Yesterday they were inside, still chowing down, and still talking. A South Florida July chases even the toughest old dudes indoors, I guess. Over time, I’ve caught snatches of their conversation as I’ve walked in, waited in line and left with my to-go bag of fresh bagels. Most of the talk is predictably about their health – operations, doctors, meds, and what hurts at the moment.
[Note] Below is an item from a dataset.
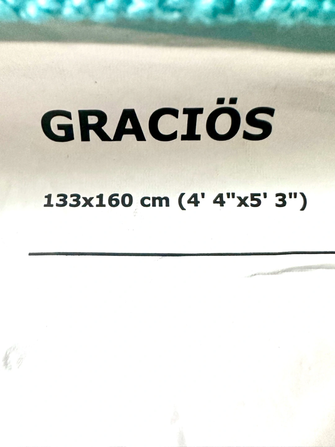 IKEA GRACIÖS Rug - Teal Palm Leaf Design - 4'4"x5'3"

On the one hand, I get that these are, well, old dudes. They’ve been through hard work, hard wars, and hard life. They’ve earned their time in the breakfast club chair and maybe the right to commiserate. But I don’t want to end up like that. I don’t want to be one of those guys, complaining to anyone who will listen (mainly because they’ve lost the ability to move away) about how it hurts to get out of bed everyday, how it stinks to keep track of daily pills and how I’m not as (young, good-looking, fast) as I used to be.
We live with a political administration whose leader actually thinks exercise will kill you. He has zero scientific evidence to back this statement, but frankly, it comes across as just one of the many nonsensical yips that emanate from the District of Columbia these days. I say defy the dudes, tune out the yips and forge ahead. At this point, I hurt when I get out of bed anyway, and even now, have to track pills daily. So it won’t get better with increasing age. I say find a goal and go for it. If you do sprint triathlons, train for an international. If you walk, train for a 5K. If you swim, train for a meet and swim a few 50s and 100s. It’s easy to sit back and cheer for others, as we do when we watch professional and Olympic sports on TV, or even our kids’ teams. Putting ourselves in a pair of running shoes, on a bike, behind home plate, on a soccer field or in a gym for the first time is a stomach-churning, catch-in-the-throat sensation. But the first time only happens one time. Then you are not one of those old dudes anymore.
I always thought the name for this blog, Notes for My Next Life, was just a name I came up with that would mean something someday. Someday has arrived. My Next Life starts in August, with a major life change in terms of my working career. I will pursue more freelance writing and other options, more athletic training and work part-time. How will it all work out? I’ll keep posting and let you know.